Do This: Once students have finished cleaning their data, they should remake the original charts and compare with others.
Your charts should look similar to others, but it depends how you cleaned your data.
Now you are able to accurately visualize the data in your table!
For this activity, we cleaned a dataset that is similar to one you might create yourself or have uploaded from another location. However, the datasets in the dataset library have already been cleaned for you!
Goal: We are building towards the idea of filtering data. Students filtered programmatically in previous units, but don't yet know how to use the Data Visualizer tool to accomplish the same goal.
In the discussion, students may suggest deleting unwanted rows or creating new tables. Challenge students by asking what they would do if they wanted to look at several different subsets in the same data? Is it reasonable to create a new table for each subset?
Prompt: What if I only wanted to look at a subset of my data? How could I do this? For example: I only want to investigate dogs with long lifespans.
The best way to look at a subset of data is to use a filter. In Unit 5, we filtered data programmatically using traversals in order to gain insight into knowledge from that data.

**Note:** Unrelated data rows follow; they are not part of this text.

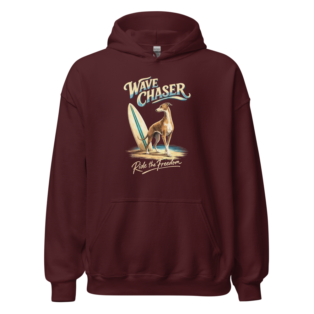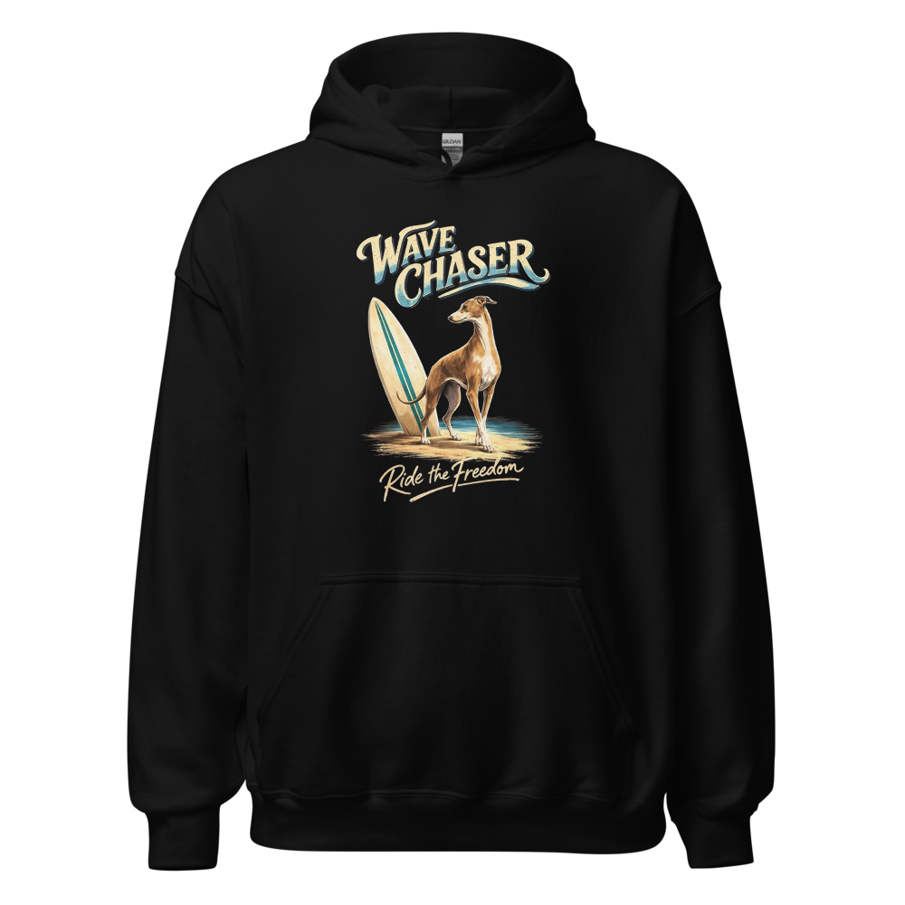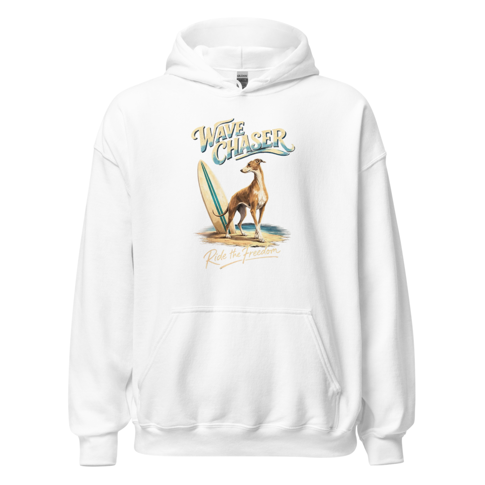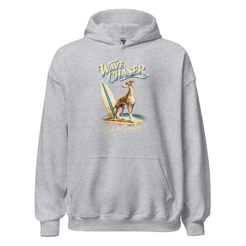 サーフボードの横で凛と立つイタリアングレーハウンド。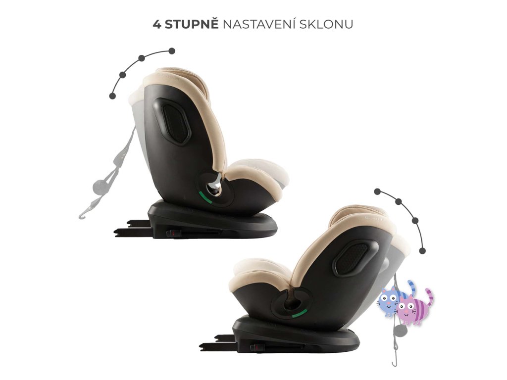 Funkce RECLINING umožňuje nastavení zádové opěrky autosedačky pomocí 4-stupňového nastavení úhlu sklonu sedadla v poloze RWF i FWF, což umožňuje dítěti zaujmout pohodlnou polohu během spánku nebo při aktivitě.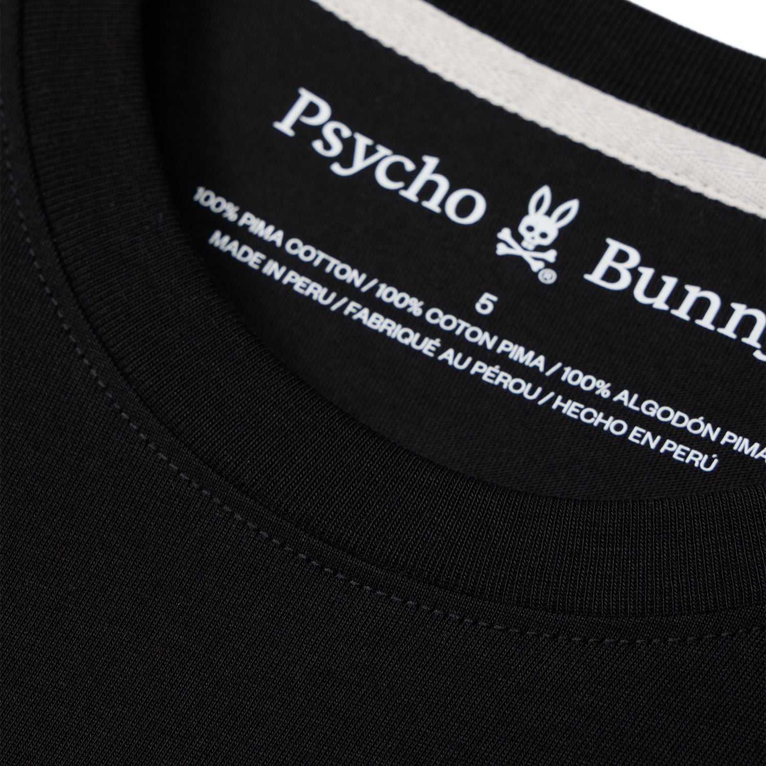 The Vincent Graphic Tee by Psycho Bunny is a premium men's t-shirt that combines comfort with distinctive style. Crafted from 100% Pima cotton, this tee offers exceptional softness and durability. The regular fit ensures a flattering silhouette, while the ribbed crew neckline and short sleeves provide a classic look. A standout feature is the embroidered center bunny logo with a contrast water-based print, adding a bold touch to the design. The contrast back neck taping and taped shoulder seams enhance both comfort and durability. Machine washable for easy care, the Vincent Graphic Tee is available in various colors to suit diverse style preferences.

Software programs with built-in tools (like the Data Visualizer) can also be used to filter data. These tools help us find specific information in the data and look for patterns.
Do This: Demonstrate how to filter data for the class.
- Open up Level 3.
- Discuss that you want to find out about the peak level of female representation in your state's legislature. What will you filter by? Percentage of Females in Legislature or State?
- We will filter by state. This means the data for female state legislators who are from your home state are the only data that will be shown.
- Select "Bar Chart" and "Percentage of Females in Legislator" from the dropdowns.
- Discuss what the chart displays: the bar farthest to the right represents the year(s) when female representation in the legislature was at its highest in your state's history.
When filtering, the most challenging part is deciding what value you will filter by. Think to yourself: what's the limiting factor? What do I want to make sure all these percentages have in common to be included in this subset?
It's time for you to play around in the tool yourself!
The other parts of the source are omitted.